Don't skip breakfast: When you don't eat breakfast, you're going to be hungry by mid-morning and that will make you easy prey at 10 a.m. for that tray of cookies someone brought into the office.


In general, breakfast-eaters weigh less than those who skip the first meal of the day and find they have better mental performance, too.



Maintain a regular eating schedule: Try to eat every five hours. If you eat a good breakfast, by lunchtime you should be hungry and you need to eat again. Waiting longer than five or six hours between meals leads to bad eating.



Make better food choices: Eat more fresh fruits and vegetables and more fish. Reduce the amount of processed foods you eat to reduce your sodium intake, and increase the amount of fiber in your diet. When you're at a holiday party looking over the buffet table, remember to go easy on the cheese. Try to fill your plate with mostly vegetables, and skip the dip. Plain boiled shrimp is a good option because it's low in fat and calories, although it does contain cholesterol.
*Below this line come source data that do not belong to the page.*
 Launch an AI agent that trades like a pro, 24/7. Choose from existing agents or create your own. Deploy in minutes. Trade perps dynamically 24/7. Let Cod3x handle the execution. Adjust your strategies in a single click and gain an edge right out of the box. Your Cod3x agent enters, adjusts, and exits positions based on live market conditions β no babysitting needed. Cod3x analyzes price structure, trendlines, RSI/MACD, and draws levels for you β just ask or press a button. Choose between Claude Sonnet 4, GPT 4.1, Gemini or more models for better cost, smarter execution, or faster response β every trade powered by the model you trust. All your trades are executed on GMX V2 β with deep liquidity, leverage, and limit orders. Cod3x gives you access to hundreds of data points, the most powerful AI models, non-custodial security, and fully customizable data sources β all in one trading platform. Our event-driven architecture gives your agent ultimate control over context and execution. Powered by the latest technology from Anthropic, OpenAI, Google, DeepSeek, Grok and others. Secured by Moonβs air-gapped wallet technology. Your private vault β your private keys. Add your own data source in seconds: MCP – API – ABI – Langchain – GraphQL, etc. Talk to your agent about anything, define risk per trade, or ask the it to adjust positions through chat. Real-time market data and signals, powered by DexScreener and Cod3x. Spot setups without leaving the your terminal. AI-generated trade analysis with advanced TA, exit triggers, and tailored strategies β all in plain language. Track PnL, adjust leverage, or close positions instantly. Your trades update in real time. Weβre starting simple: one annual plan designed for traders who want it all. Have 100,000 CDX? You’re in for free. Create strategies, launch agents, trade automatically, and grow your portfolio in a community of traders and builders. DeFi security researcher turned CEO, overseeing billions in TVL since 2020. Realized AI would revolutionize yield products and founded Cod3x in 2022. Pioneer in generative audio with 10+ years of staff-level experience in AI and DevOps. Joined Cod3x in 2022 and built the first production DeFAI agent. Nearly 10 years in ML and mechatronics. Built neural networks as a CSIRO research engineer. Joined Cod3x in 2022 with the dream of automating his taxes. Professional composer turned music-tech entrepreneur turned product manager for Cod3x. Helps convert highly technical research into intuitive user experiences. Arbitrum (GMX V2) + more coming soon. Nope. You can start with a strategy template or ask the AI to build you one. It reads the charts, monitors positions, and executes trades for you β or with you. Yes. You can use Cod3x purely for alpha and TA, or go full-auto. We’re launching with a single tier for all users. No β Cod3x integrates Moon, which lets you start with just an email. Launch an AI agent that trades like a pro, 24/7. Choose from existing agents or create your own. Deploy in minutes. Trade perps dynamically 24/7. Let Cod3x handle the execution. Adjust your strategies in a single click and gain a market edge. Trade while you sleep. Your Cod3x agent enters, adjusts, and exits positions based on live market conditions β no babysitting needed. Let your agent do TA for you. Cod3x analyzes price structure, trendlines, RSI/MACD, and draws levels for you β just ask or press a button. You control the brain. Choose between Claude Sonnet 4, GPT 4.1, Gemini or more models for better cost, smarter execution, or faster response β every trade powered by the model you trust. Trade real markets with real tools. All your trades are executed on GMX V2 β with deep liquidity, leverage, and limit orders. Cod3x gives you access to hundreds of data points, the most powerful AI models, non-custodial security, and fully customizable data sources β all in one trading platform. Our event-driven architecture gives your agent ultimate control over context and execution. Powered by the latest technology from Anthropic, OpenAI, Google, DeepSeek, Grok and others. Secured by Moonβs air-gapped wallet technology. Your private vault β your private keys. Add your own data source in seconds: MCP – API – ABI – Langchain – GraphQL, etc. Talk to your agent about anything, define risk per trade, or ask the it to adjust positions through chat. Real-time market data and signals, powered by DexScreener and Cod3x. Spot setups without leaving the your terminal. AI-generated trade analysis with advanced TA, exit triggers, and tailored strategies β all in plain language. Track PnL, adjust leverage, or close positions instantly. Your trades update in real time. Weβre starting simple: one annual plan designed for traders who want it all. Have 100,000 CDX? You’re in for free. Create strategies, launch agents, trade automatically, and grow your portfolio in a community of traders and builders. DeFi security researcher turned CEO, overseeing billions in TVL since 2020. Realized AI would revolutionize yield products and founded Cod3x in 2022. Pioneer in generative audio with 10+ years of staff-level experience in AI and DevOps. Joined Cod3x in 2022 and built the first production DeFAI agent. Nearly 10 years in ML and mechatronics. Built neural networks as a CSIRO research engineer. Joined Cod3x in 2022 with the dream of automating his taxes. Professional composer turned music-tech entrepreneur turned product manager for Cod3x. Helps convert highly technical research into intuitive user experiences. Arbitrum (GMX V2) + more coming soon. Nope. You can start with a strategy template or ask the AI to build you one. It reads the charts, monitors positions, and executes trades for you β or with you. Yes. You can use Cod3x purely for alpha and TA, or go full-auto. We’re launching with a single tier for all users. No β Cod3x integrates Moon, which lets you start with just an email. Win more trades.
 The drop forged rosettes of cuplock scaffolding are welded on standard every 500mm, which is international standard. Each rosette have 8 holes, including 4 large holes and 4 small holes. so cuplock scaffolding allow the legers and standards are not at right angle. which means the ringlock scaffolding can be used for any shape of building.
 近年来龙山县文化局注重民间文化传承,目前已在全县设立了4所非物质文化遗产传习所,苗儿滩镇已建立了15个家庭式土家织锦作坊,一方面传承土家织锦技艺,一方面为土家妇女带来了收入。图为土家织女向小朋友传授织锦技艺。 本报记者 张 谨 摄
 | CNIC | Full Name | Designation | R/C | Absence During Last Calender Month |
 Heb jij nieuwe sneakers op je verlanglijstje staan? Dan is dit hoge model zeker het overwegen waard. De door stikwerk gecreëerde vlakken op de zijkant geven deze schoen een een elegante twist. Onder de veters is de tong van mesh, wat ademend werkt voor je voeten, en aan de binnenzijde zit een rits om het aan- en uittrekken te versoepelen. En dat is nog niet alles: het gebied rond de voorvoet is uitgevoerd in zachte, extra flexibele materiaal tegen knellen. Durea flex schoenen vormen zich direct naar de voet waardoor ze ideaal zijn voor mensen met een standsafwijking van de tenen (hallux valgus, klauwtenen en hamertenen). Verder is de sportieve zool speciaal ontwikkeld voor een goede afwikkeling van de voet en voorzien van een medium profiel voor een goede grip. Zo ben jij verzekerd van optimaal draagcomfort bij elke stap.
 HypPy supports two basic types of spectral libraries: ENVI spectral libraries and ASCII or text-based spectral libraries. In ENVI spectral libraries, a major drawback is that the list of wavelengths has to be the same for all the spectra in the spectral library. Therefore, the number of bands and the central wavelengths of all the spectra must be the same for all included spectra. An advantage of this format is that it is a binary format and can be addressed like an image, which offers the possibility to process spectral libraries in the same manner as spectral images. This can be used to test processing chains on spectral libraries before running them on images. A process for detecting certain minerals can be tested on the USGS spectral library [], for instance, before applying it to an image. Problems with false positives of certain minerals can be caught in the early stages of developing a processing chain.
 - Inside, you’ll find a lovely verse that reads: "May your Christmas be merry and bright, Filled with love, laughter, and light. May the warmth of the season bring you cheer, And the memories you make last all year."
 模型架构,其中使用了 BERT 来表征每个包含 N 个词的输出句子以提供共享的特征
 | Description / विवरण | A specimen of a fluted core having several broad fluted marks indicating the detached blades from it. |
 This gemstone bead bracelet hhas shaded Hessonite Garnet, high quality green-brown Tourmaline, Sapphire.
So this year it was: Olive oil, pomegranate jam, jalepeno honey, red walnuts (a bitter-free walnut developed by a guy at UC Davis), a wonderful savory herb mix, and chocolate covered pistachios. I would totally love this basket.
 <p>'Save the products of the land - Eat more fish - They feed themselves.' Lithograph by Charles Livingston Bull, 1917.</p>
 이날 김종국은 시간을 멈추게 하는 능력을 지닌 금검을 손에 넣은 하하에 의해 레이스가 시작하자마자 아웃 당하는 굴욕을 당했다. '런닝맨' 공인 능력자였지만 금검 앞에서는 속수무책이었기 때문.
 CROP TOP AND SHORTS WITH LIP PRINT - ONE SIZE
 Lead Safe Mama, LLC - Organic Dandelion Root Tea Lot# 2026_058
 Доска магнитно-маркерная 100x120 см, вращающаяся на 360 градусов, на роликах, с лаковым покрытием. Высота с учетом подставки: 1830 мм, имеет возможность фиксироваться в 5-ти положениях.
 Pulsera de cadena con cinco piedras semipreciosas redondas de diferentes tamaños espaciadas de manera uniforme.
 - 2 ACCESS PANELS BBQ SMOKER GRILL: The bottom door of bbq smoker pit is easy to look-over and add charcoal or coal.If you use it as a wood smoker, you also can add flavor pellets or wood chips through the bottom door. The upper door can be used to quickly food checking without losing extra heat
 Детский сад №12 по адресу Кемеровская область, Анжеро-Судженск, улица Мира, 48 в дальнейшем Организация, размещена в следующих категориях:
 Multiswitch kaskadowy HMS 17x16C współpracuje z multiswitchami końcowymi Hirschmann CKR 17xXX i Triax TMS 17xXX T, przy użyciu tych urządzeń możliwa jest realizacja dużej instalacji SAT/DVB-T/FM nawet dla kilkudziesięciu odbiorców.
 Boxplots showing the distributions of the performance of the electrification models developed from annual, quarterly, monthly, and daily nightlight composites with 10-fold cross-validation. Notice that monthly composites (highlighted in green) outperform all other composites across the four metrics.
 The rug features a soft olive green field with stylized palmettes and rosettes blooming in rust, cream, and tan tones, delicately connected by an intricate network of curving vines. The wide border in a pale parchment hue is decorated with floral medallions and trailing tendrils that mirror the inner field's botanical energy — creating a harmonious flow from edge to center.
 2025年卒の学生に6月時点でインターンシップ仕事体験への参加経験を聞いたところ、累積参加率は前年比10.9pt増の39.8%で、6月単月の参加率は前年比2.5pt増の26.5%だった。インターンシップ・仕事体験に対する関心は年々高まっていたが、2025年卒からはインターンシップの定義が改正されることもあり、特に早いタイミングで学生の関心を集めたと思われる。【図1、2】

Watch out for cocktails: Alcoholic drinks can pack a wallop of calories. Popular holiday drinks such as coffee-flavored liqueur with cream can contain as many calories as a slice of cheesecake. While we may not eat two pieces of cheesecake, we often don't hesitate to have two high-calorie cocktails. Keep alcohol consumption to one or two drinks and try to lighten them up. Use diet sodas, water or tomato juice as a mixer instead of regular pop or high-sugar juice drinks like cranberry. Opt for a glass of wine or a wine spritzer, which is half wine and half sparkling water, to save calories, Rotondo said.